THE DATA:
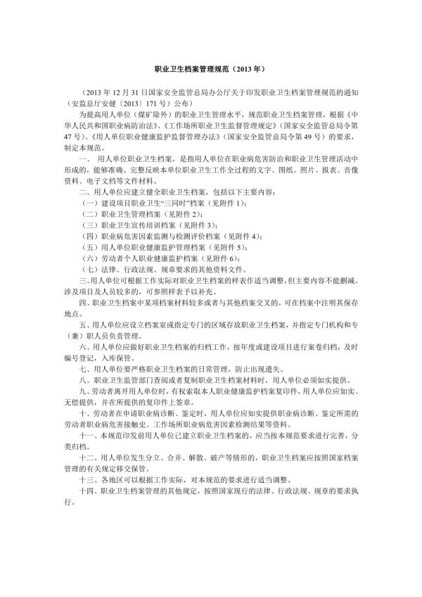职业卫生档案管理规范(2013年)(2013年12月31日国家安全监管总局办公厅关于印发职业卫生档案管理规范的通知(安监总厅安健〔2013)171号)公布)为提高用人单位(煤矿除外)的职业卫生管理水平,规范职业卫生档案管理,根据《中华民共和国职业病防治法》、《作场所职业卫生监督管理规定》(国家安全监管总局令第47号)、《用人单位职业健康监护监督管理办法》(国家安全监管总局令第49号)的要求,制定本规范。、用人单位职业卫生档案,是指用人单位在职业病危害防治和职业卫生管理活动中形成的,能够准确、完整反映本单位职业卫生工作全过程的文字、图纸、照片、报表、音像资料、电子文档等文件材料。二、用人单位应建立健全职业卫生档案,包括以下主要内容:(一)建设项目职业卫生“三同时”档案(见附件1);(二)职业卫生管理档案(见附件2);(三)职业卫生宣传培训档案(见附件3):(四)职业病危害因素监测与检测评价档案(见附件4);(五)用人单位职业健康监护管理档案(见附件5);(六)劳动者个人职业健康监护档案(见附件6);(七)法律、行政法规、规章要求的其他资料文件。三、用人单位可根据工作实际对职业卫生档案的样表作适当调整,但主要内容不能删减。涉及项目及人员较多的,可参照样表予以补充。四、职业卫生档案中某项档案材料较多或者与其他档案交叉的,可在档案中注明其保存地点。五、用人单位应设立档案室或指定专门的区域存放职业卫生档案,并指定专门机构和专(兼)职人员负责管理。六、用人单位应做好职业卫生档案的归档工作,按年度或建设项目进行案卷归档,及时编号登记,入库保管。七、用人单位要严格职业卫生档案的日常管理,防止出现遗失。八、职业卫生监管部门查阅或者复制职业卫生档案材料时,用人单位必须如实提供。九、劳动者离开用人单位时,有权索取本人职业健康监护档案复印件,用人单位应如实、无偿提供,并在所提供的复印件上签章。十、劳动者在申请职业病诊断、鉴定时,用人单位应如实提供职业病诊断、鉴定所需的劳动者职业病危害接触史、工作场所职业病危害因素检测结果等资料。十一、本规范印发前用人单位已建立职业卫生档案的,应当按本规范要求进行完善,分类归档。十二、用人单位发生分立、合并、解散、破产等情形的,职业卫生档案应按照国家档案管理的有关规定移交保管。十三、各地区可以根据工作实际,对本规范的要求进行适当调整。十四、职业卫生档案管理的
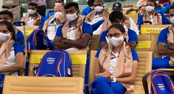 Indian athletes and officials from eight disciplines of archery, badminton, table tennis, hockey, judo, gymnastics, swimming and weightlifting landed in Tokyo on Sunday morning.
---
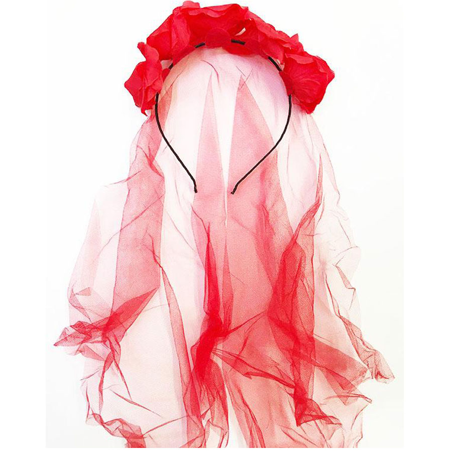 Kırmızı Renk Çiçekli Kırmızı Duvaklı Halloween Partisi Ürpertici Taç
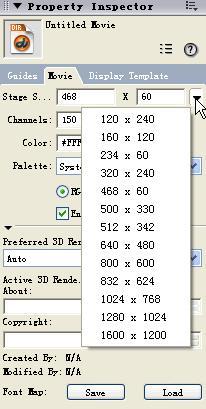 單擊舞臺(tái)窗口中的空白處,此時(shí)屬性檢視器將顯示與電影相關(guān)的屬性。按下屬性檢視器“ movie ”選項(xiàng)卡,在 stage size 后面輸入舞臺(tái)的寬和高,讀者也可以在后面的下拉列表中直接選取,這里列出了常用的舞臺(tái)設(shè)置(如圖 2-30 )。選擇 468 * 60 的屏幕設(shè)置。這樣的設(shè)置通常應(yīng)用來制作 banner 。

DESCRIPTION OF THE TASK:
Reproduce the listing above exactly from the line containing "职业卫生档案管理规范(201" up to and including the line containing "Indian athletes and", omitting any images and everything outside those lines.

EXERCISE ANSWER:
职业卫生档案管理规范(2013年)(2013年12月31日国家安全监管总局办公厅关于印发职业卫生档案管理规范的通知(安监总厅安健〔2013)171号)公布)为提高用人单位(煤矿除外)的职业卫生管理水平,规范职业卫生档案管理,根据《中华民共和国职业病防治法》、《作场所职业卫生监督管理规定》(国家安全监管总局令第47号)、《用人单位职业健康监护监督管理办法》(国家安全监管总局令第49号)的要求,制定本规范。、用人单位职业卫生档案,是指用人单位在职业病危害防治和职业卫生管理活动中形成的,能够准确、完整反映本单位职业卫生工作全过程的文字、图纸、照片、报表、音像资料、电子文档等文件材料。二、用人单位应建立健全职业卫生档案,包括以下主要内容:(一)建设项目职业卫生“三同时”档案(见附件1);(二)职业卫生管理档案(见附件2);(三)职业卫生宣传培训档案(见附件3):(四)职业病危害因素监测与检测评价档案(见附件4);(五)用人单位职业健康监护管理档案(见附件5);(六)劳动者个人职业健康监护档案(见附件6);(七)法律、行政法规、规章要求的其他资料文件。三、用人单位可根据工作实际对职业卫生档案的样表作适当调整,但主要内容不能删减。涉及项目及人员较多的,可参照样表予以补充。四、职业卫生档案中某项档案材料较多或者与其他档案交叉的,可在档案中注明其保存地点。五、用人单位应设立档案室或指定专门的区域存放职业卫生档案,并指定专门机构和专(兼)职人员负责管理。六、用人单位应做好职业卫生档案的归档工作,按年度或建设项目进行案卷归档,及时编号登记,入库保管。七、用人单位要严格职业卫生档案的日常管理,防止出现遗失。八、职业卫生监管部门查阅或者复制职业卫生档案材料时,用人单位必须如实提供。九、劳动者离开用人单位时,有权索取本人职业健康监护档案复印件,用人单位应如实、无偿提供,并在所提供的复印件上签章。十、劳动者在申请职业病诊断、鉴定时,用人单位应如实提供职业病诊断、鉴定所需的劳动者职业病危害接触史、工作场所职业病危害因素检测结果等资料。十一、本规范印发前用人单位已建立职业卫生档案的,应当按本规范要求进行完善,分类归档。十二、用人单位发生分立、合并、解散、破产等情形的,职业卫生档案应按照国家档案管理的有关规定移交保管。十三、各地区可以根据工作实际,对本规范的要求进行适当调整。十四、职业卫生档案管理的
 Indian athletes and officials from eight disciplines of archery, badminton, table tennis, hockey, judo, gymnastics, swimming and weightlifting landed in Tokyo on Sunday morning.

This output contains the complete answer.